(Dataset excerpts)
>>>>
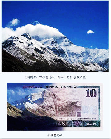 珠穆朗瑪峰的地位正如它的高度,是永遠(yuǎn)不能被忽視的。第四套人民幣中10元的紙幣選擇它做背面圖案。珠穆朗瑪峰位于我國和尼泊爾交界的地方,從中國境內(nèi)眺望珠峰,它像一座金字塔,威嚴(yán)地聳立在一排雪峰之間。這張錢幣整體色調(diào)以藍(lán)色為主,設(shè)計它的時候就考慮到珠峰適合這種冷色調(diào)來表現(xiàn)。
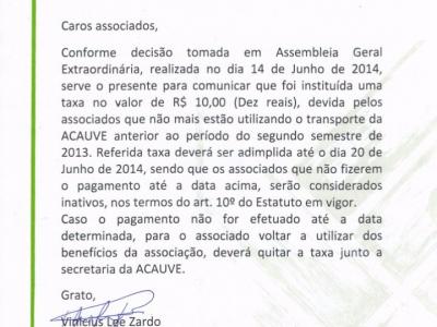 Conforme o 2º assunto da pauta da assembleia do dia 14/06/2014, tornamos público a decisão tomada pelos presente, conforme foto em anexo:
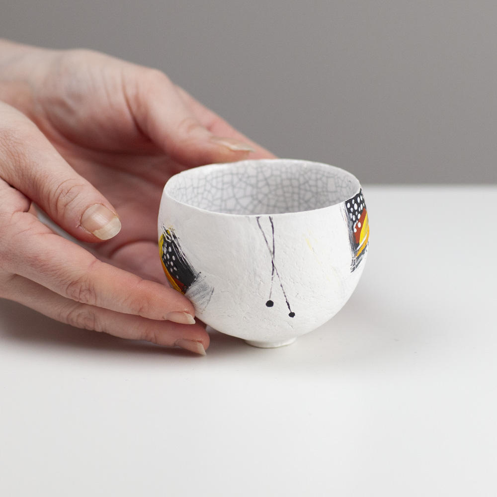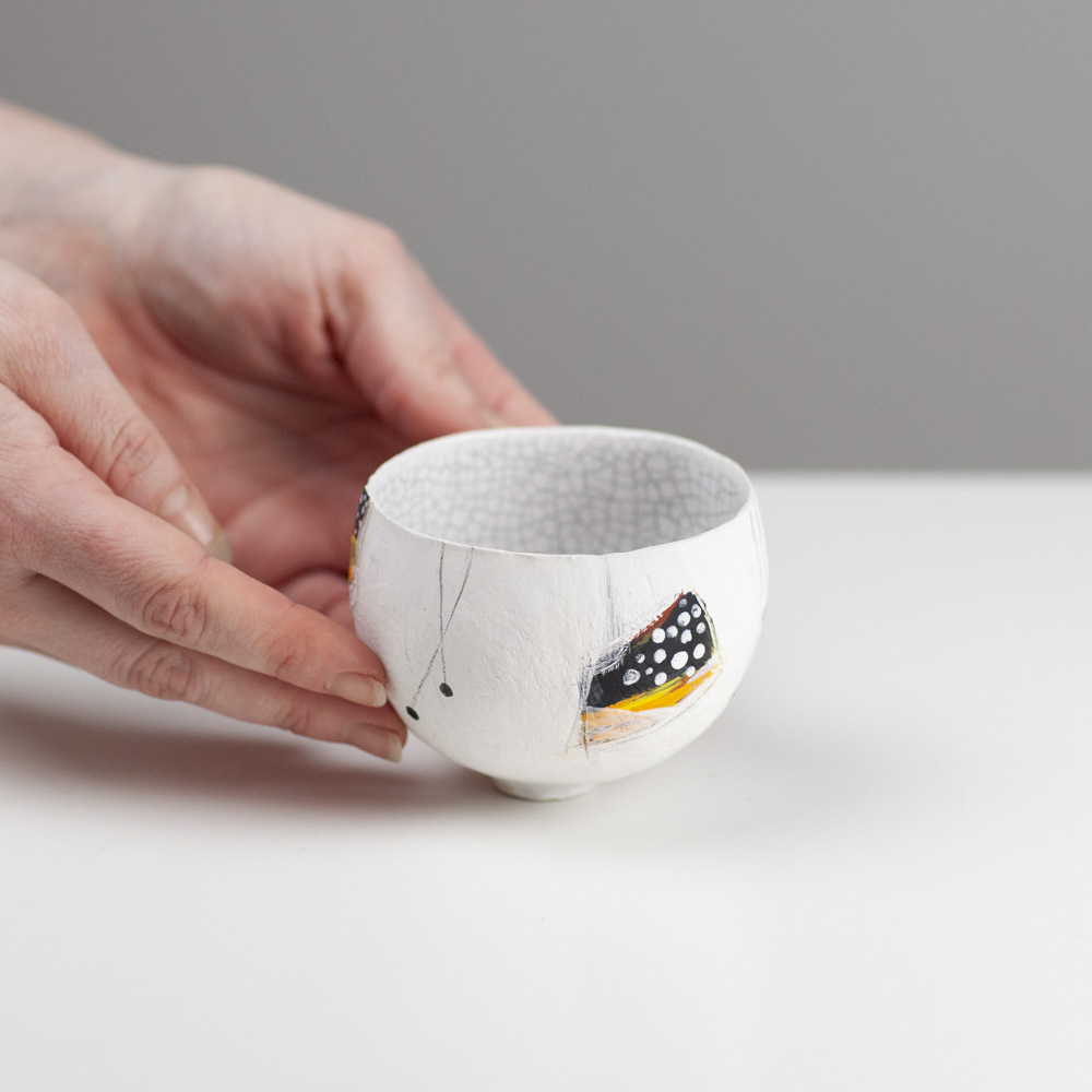 Her work is predominantly hand-built, using coiling, pinching, and slab techniques rather than the wheel, resulting in distinctive sculptural and decorative forms. Known for her strong use of colour, abstract surface design, and expressive shapes, Jane creates pieces that are often earthenware-fired, sometimes burnished or smoke-fired. Her artistic approach has been influenced by time spent in Asia, particularly its emphasis on simplicity and form
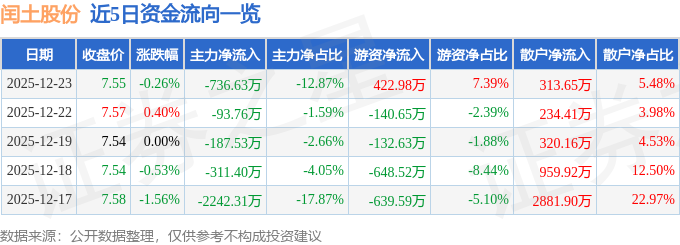证券之星消息,截至2025年12月23日收盘,闰土股份(002440)报收于7.55元,下跌0.26%,换手率0.8%,成交量7.58万手,成交额5724.75万元。
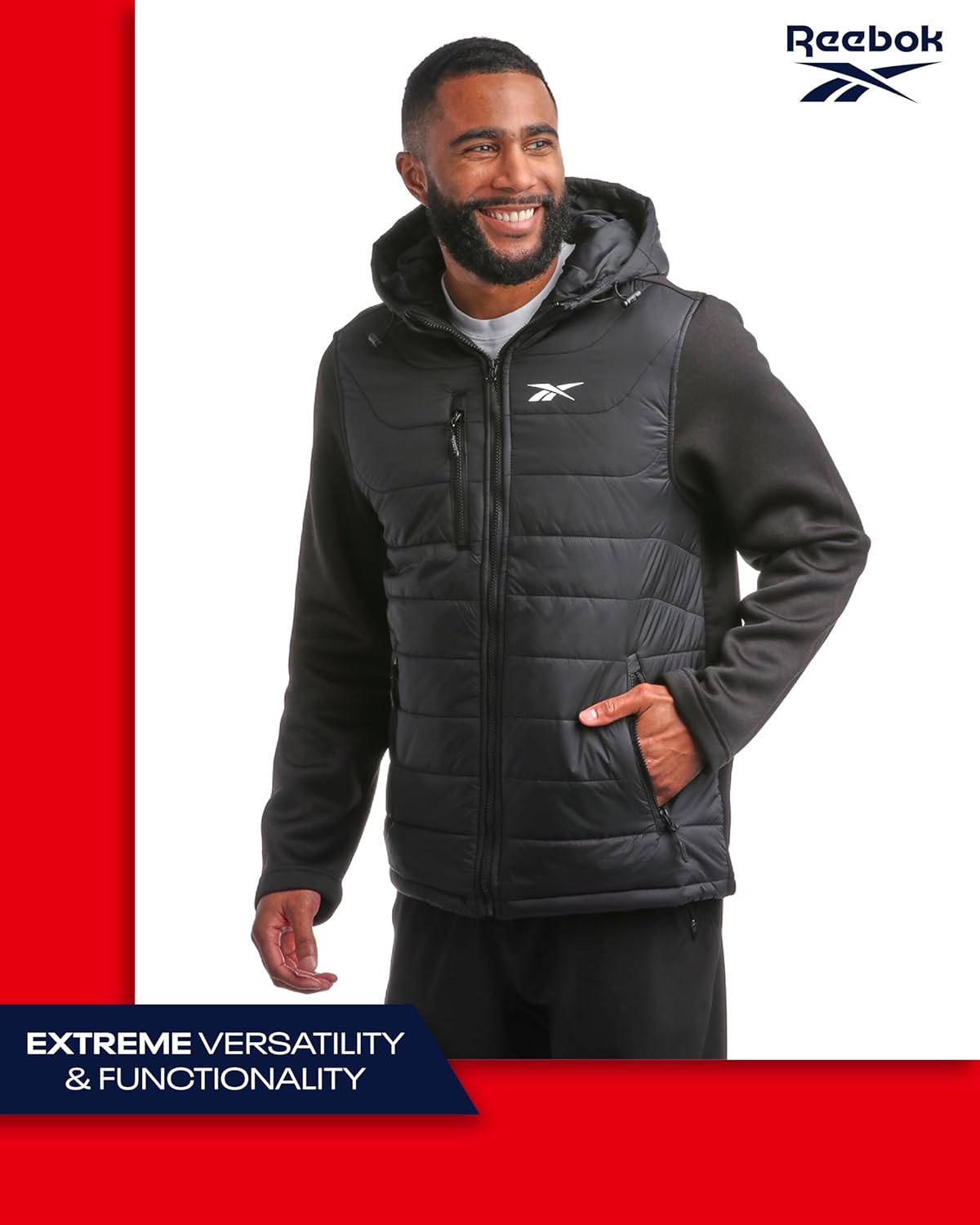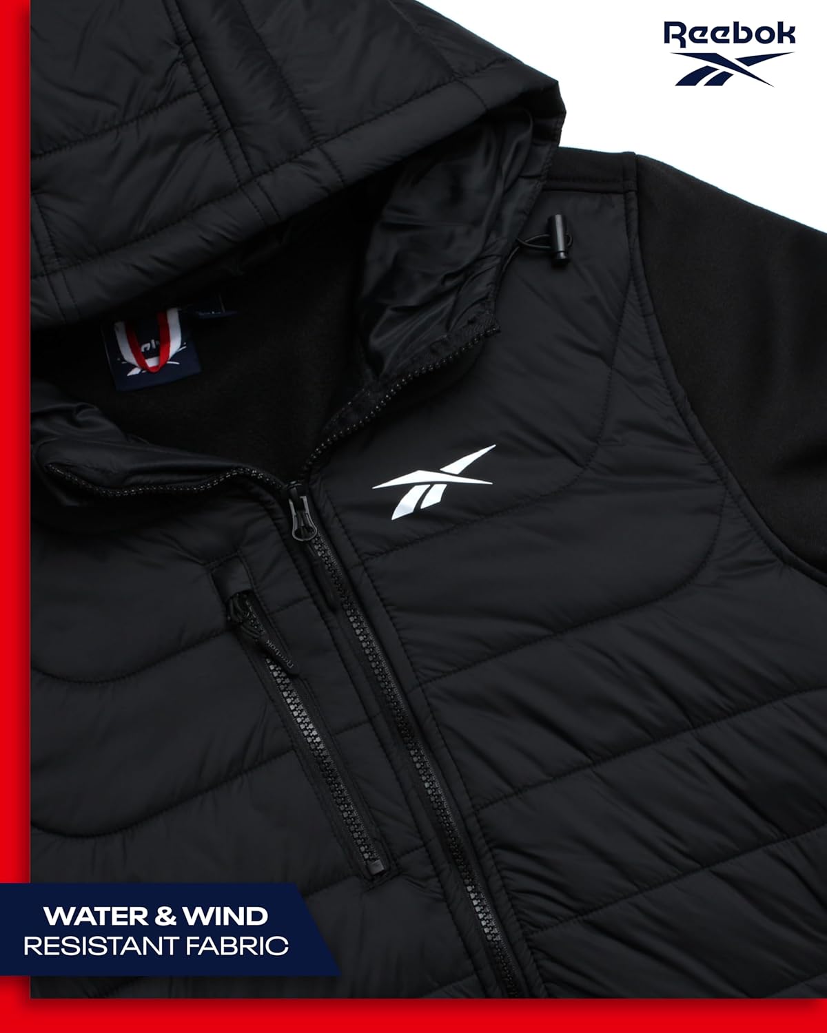 Reebok Men’s Jacket – Quilted Puffer Bomber Jacket with Fleece and Tricot Sleeves – Hooded Outdoor Jackets for Men (L-XL)
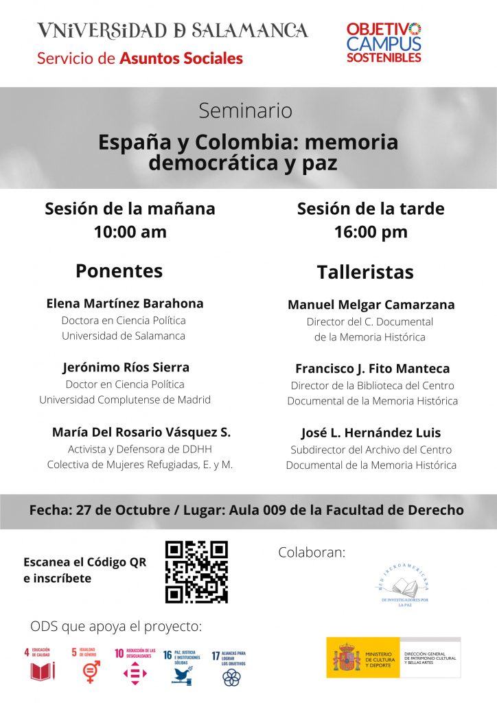 Estas actividades se enmarcan en la convocatoria Campus Sostenibles 2021-22. Son dos sesiones, este jueves día 27 de octubre desde las 10 de la mañana en el aula 009 de la Facultad de Derecho. Allí, presentados y moderados por Érika, intervendrán en un conversatorio Elena Martínez Barahona, con la presentación de la Ley de Memoria Democrática, Jerónimo Ríos Sierra de la Complutense de Madrid con el tema los escenarios de la paz en Colombia y los aportes de España y Alba Teresa Higuera Buitrago del colectivo Mujeres refugiadas, exiliadas y migradas que hablará de los movimientos sociales y perspectiva feminista en la construcción de paz en Colombia.
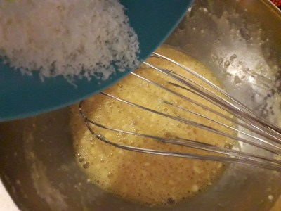 4) in una ciotola mettete le uova, il sale, il parmiggiano e se gradite un cucchiaio di farina e sbattete l’uovo
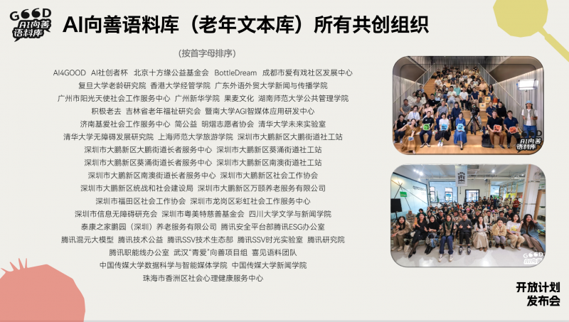 2025年7月11日,腾讯AI向善语料库开放发布会在北京举行,这次发布会的主题是“AI时代没有旁观席,AI普惠一个不能少”。发布会上,腾讯与百余家社会组织公益共创的AI向善语料库(老年文本库)正式面向公益组织和非营利性研究机构开放申请,这是国内外首个通过社会公益共创构建,又面向公益组织开放的老年语料库,在一定程度上开创了公共语料库构建与开放的新范式。
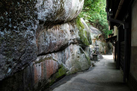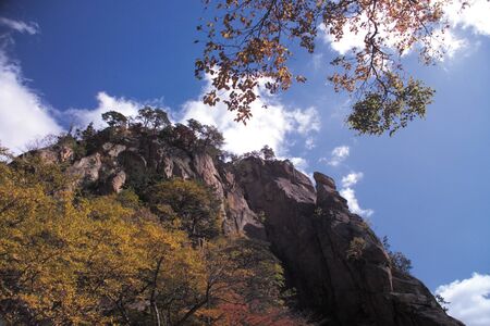 Kofu. Japan. autumn canyon. Rocks on a background of blue sky. Landscape of Japanese rocks. Kofu travel guide. Tour at Shosenkyo Gorge. Nature of the Mitake Shosen gorge. Cliffs of the Autumn Canyon
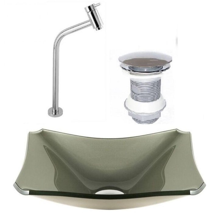 * Imagens ilustrativas. CUBA DE VIDRO RETANGULAR CHANFRADA + VÁLVULA POLIPROPILENO + TORNEIRA METAL CROMADA
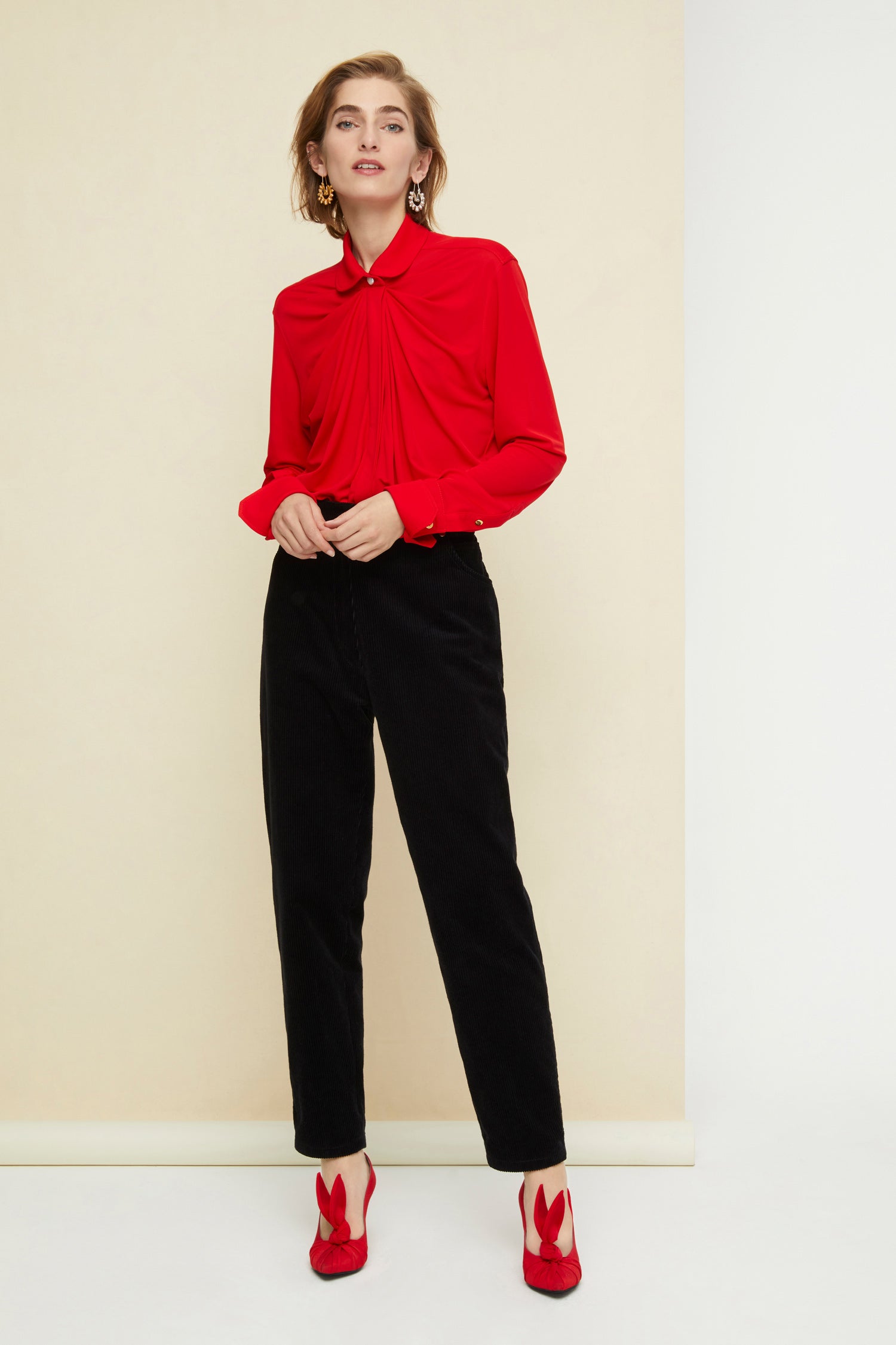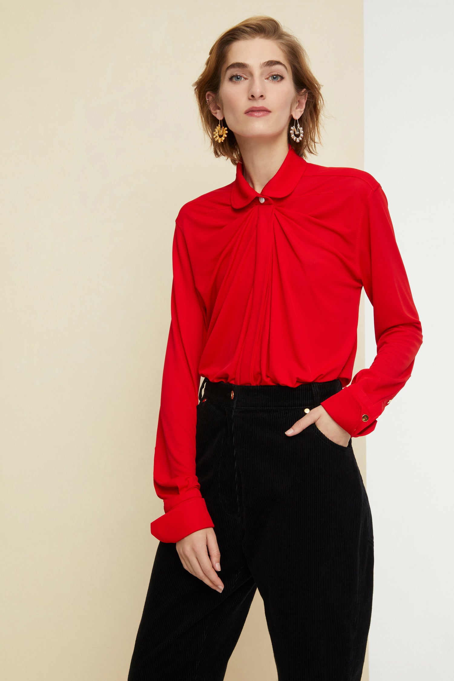 Longline-Bluse aus mohnrotem Jersey. Ein ikonischer Patou-Stil mit schmalerem Bubikragen. Drapierte Silhouette. Perlmuttknopf oben, versteckte Knopfleiste an der Vorderseite. Knöpfe an den Bundabschlüssen.
<<<<
_Exercise_
What the reply must contain is an exact transcription of the data above and none of its pictures.

_Response_
 珠穆朗瑪峰的地位正如它的高度,是永遠(yuǎn)不能被忽視的。第四套人民幣中10元的紙幣選擇它做背面圖案。珠穆朗瑪峰位于我國和尼泊爾交界的地方,從中國境內(nèi)眺望珠峰,它像一座金字塔,威嚴(yán)地聳立在一排雪峰之間。這張錢幣整體色調(diào)以藍(lán)色為主,設(shè)計它的時候就考慮到珠峰適合這種冷色調(diào)來表現(xiàn)。
 Conforme o 2º assunto da pauta da assembleia do dia 14/06/2014, tornamos público a decisão tomada pelos presente, conforme foto em anexo:
 Her work is predominantly hand-built, using coiling, pinching, and slab techniques rather than the wheel, resulting in distinctive sculptural and decorative forms. Known for her strong use of colour, abstract surface design, and expressive shapes, Jane creates pieces that are often earthenware-fired, sometimes burnished or smoke-fired. Her artistic approach has been influenced by time spent in Asia, particularly its emphasis on simplicity and form
证券之星消息,截至2025年12月23日收盘,闰土股份(002440)报收于7.55元,下跌0.26%,换手率0.8%,成交量7.58万手,成交额5724.75万元。
 Reebok Men’s Jacket – Quilted Puffer Bomber Jacket with Fleece and Tricot Sleeves – Hooded Outdoor Jackets for Men (L-XL)
 Estas actividades se enmarcan en la convocatoria Campus Sostenibles 2021-22. Son dos sesiones, este jueves día 27 de octubre desde las 10 de la mañana en el aula 009 de la Facultad de Derecho. Allí, presentados y moderados por Érika, intervendrán en un conversatorio Elena Martínez Barahona, con la presentación de la Ley de Memoria Democrática, Jerónimo Ríos Sierra de la Complutense de Madrid con el tema los escenarios de la paz en Colombia y los aportes de España y Alba Teresa Higuera Buitrago del colectivo Mujeres refugiadas, exiliadas y migradas que hablará de los movimientos sociales y perspectiva feminista en la construcción de paz en Colombia.
 4) in una ciotola mettete le uova, il sale, il parmiggiano e se gradite un cucchiaio di farina e sbattete l’uovo
 2025年7月11日,腾讯AI向善语料库开放发布会在北京举行,这次发布会的主题是“AI时代没有旁观席,AI普惠一个不能少”。发布会上,腾讯与百余家社会组织公益共创的AI向善语料库(老年文本库)正式面向公益组织和非营利性研究机构开放申请,这是国内外首个通过社会公益共创构建,又面向公益组织开放的老年语料库,在一定程度上开创了公共语料库构建与开放的新范式。
 Kofu. Japan. autumn canyon. Rocks on a background of blue sky. Landscape of Japanese rocks. Kofu travel guide. Tour at Shosenkyo Gorge. Nature of the Mitake Shosen gorge. Cliffs of the Autumn Canyon
 * Imagens ilustrativas. CUBA DE VIDRO RETANGULAR CHANFRADA + VÁLVULA POLIPROPILENO + TORNEIRA METAL CROMADA
 Longline-Bluse aus mohnrotem Jersey. Ein ikonischer Patou-Stil mit schmalerem Bubikragen. Drapierte Silhouette. Perlmuttknopf oben, versteckte Knopfleiste an der Vorderseite. Knöpfe an den Bundabschlüssen.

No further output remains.